Achieving the optimal generalization for \(k\)-Anonymity is very challenging in cases like this. Generalizing each row more would be overkill for the well-represented individuals with ages in the 20-40 range, and would hurt utility. However, more generalization is clearly needed for individuals at the upper and lower ends of the age range. This is the kind of challenge that occurs regularly in practice, and is difficult to solve automatically. In fact, optimal generalization for \(k\)-Anonymity has been shown to be NP-hard.

Challenge

Outliers make achieving \(k\)-Anonymity very challenging, even for large datasets. Optimal generalization for \(k\)-Anonymity is NP-hard.

Removing Outliers

One solution to this problem is simply to clip the age of each individual in the dataset to lie within a specific range, eliminating outliers entirely. This can also hurt utility, since it replaces real ages with fake ones, but it can be better than generalizing each row more. We can use Numpy’s clip method to perform this clipping. We clip ages to be 60 or below, and leave educational levels alone (by clipping them to a very large value).

# clipping away outliers
depths = {
    'age': 1,
    'edu': 1
}
dfp = df.clip(upper=np.array([60, 10000000000000]), axis='columns')
df2 = generalize(dfp.head(500), depths)
isKAnonymized(df2, 7)
True

Now, the generalized dataset satisfies \(k\)-Anonymity for \(k=7\)! In other words, our level of generalization was appropriate, but outliers prevented us from achieving \(k\)-Anonymity before, even for \(k=2\).

Summary

  • \(k\)-Anonymity is a property of data, which ensures that each individual “blends in” with a group of at least \(k\) individuals.

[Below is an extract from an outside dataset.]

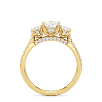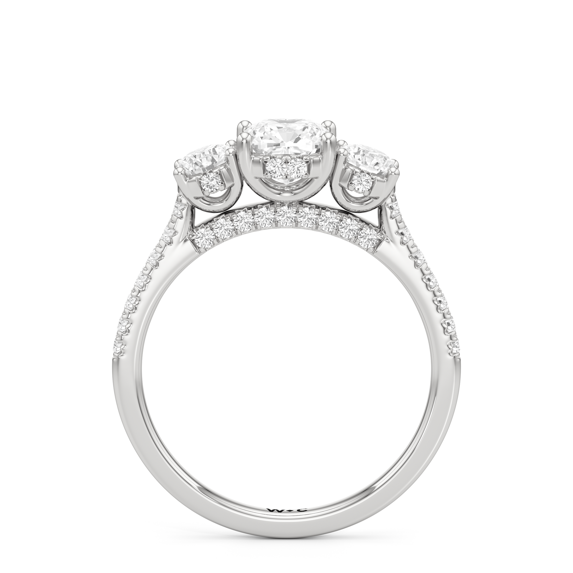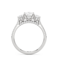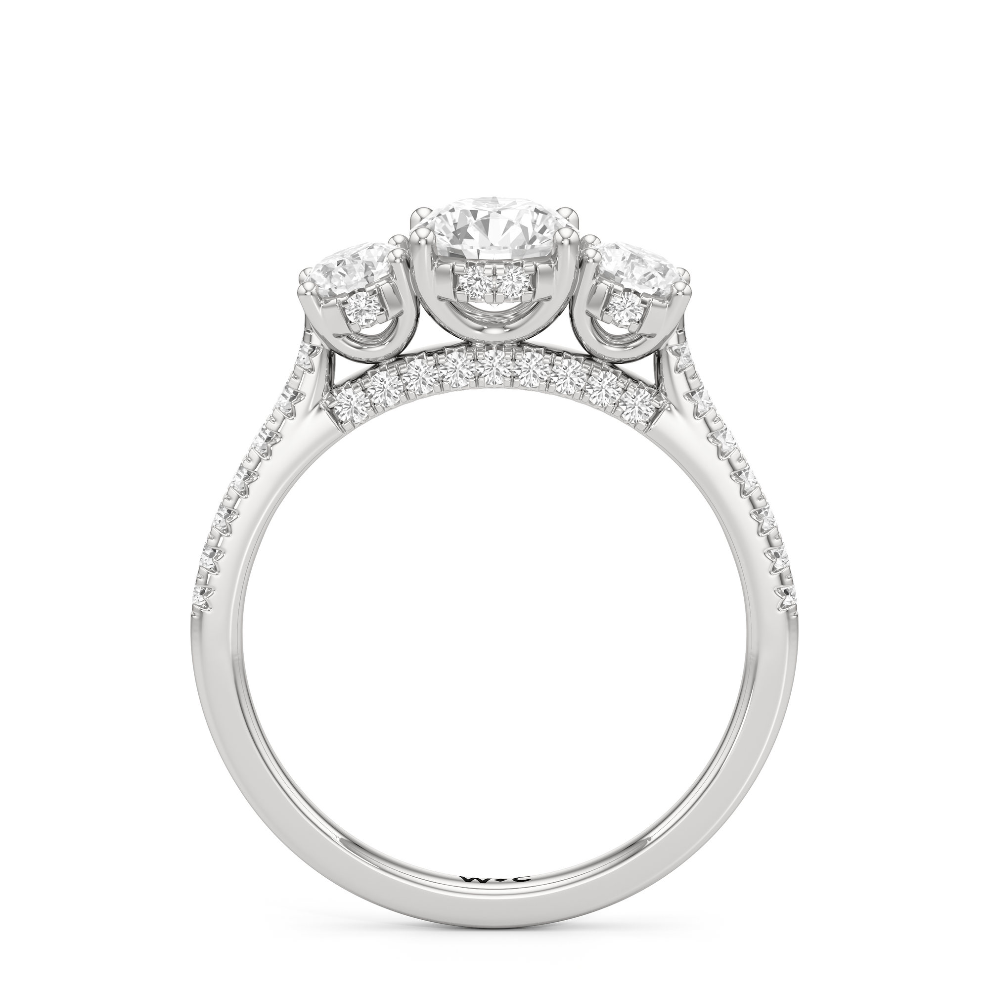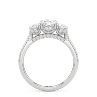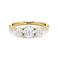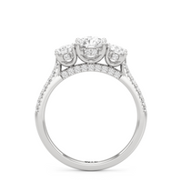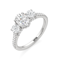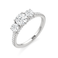 A beautiful and meaningful three-stone engagement ring made distinct by its sinuous curves and intense brilliance. Sloping shoulders with micro-pave diamonds hold the three stones high above the ring. The diamond trio comprises a diamond centre stone and a duo of round diamond side stones, with each precious gem set on U-shaped prongs and detailed with a hidden halo. The bridge is also lined with more round diamonds on micro-pave setting.

  • \(k\)-Anonymity is computationally expensive even to check: the naive algorithm is \(O(n^2)\), and faster algorithms take considerable space.

  • \(k\)-Anonymity can be achieved by modifying a dataset by generalizing it, so that particular values become more common and groups are easier to form.

  • Optimal generalization is extremely difficult, and outliers can make it even more challenging. Solving this problem automatically is NP-hard.